Looking up words in the decliner provides a way of getting the morphological data for a word. For example, we could look up amabitis and get back something like ('amo', 'v2pfia---'):

#hacky way that assumes you know the root
def lookupInflection(word, lemma):
    ''' Find the inflection of a given word, given its lemma. '''
    result=[]
    if lemma is None:
        return result
    
    lemma = [lemma] if isinstance(lemma,str) else lemma
    for l in lemma:
        try:
            words = decliner.decline(l)
            result.append([(w,d) for w,d in words if w==word])
        except:
            result.append((l, None))
    return result

If we know the root, we can lookup the inflection:

lookupInflection('amabitis', 'amo')
[[('amabitis', 'v2pfia---')]]

Lemmatizing a Word

Let’s see if we can find the root of a word with a simple lemmatizer. The lemmatizer works with tokens, so we need a recipe for generating tokens out of words:

from cltk.tokenizers.lat.lat import LatinWordTokenizer

latin_word_tokenizer = LatinWordTokenizer()

latin_word_tokenizer.tokenize('amabitis')
['amabitis']

If we create a lemmatizer:

from cltk.lemmatize.lat import LatinBackoffLemmatizer

latin_lemmatizer = LatinBackoffLemmatizer()
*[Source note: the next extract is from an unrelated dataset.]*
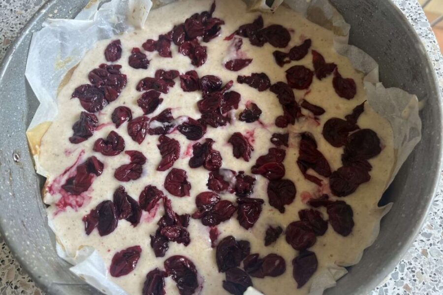 - Выстилаю форму пекарской бумагой. Тесто выливаю в форму и выкладываю сверху вишню.

We can then see what it makes of amabitis:

latin_lemmatizer.lemmatize(latin_word_tokenizer.tokenize('amabitis'))
[('amabitis', 'amo')]

We can also lemmatize all the words in a sentence.

As before, we need to tokenize the words we present to the lemmatizer, so let’s convert our sentence to a list of separate (word) tokens:

sentence = 'Progeniem sed enim Troiano a sanguine duci audierat'

sentence_tokens = latin_word_tokenizer.tokenize(sentence.lower())
sentence_tokens
['progeniem', 'sed', 'enim', 'troiano', 'a', 'sanguine', 'duci', 'audierat']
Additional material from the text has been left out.